Does 7200rpm make a difference in recording?

there is this person, let's say he is my sister (he's actually just a friend)

my, sister; is nagging me,

because i have a 7200 HDD and my sister's one is 5400;  and she says, only 7200rpm can record without the following problems:

samll gaps in between the recordings (about a 1/4 second gaps per 2 seconds)

the recording only shows up that it is recording after 1/2 s

bad audio?( he doesn't tell me what is wrong)

 

i really want him to buy not an apple because it is supposdly (best "bang" for the buck for beginner's recording) i mean seriously, he doesn't even know that mp3 has different kbps and doesn't know what a .flac is..

i told him to research, and he said "yeah! i've done the research on it for a day!; and it tells me to buy an apple" (says on the apple sites)

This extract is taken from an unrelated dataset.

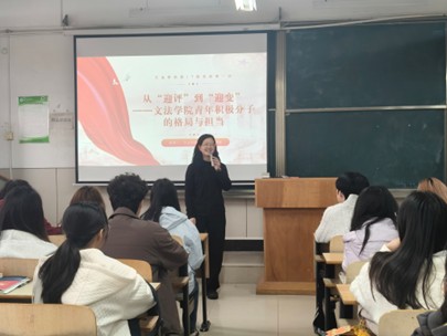 (文法学院讯谢宛非)由米乐mile官方网站文法学院党总支组织的文法学院第十七期党校第一讲——从“迎评”到“迎变”,文法学院青年积极分子的格局与担当于2026年3月26日12:30在综合楼306展开。本次会议由文法学院党总支书记陈敏老师主持,文法学院第十七期全体入党积极分子参加本次会议。

and by my estimate from the past experiences, he would want to buy a new one by the end of the year; i mean, he does it everyday, so it cannot be a bad computer (the one i would recommend) but it doesn't have to be an apple

 

he doesn't know anything with tech

Rpm of a drive is important up to a point it depends on what you are recording at what the res and fps it is at. To  record a 1080p video from my limited experience you need at least around 60Mb write. So a 5000  decent rpm hdd can do 60md write so you would be fine with a 5000. How ever if you are wanting to do something such as 4k video recording you would want to look in to ssd's for that. AS for the problem you said about i don't under stand how having a higher rpm drive would cause that to happen all higher rpm means is usally faster write or better iops etc. 

ps; what will you be recording ? gameplay,Video,audio or something else ?

It can and it does. The faster the spindle spins, the faster the drive can write and read data. Depending on quality of the video being worked with, a modern 5400RPM can do the trick, but not really recommended, and higher end video recording and editing use fairly large RAID arrays to keep up with the sustained writes. If recording in HD, I'd recommend at least a modern 7200RPM. Those problems you mentioned do happen if the drive can't provide fast enough sustained writes.

I agree that Apple is not at all a good value, but the higher end MBPro's do have PCI-e SSD's, which are much faster than any mechanical drive and most consumer SSD's.

audio; recording audio only...

For audio, don't even worry about it unless you're recording a shitton of tracks at once. I think your "sister" just really wants to justify buying an Apple. Feel free to try to talk some sense into him, but it looks like he's already made up his mind.

I didn't notice it was audio - for audio alone it wouldn't make much of a difference.

I had a "Sister" like that a couple of months ago. I had him pick out the mac that he wanted and I built a PC for half the price that does the same thing. Like TomAwesome said, as long as you aren't recording a bunch of tracks at the same time I can't see it having any trouble at all. Most of the time it's beneficial to record one track at a time (provided you're recording analog) to get the acoustics of the room right and to avoid unwanted noise in your tracks.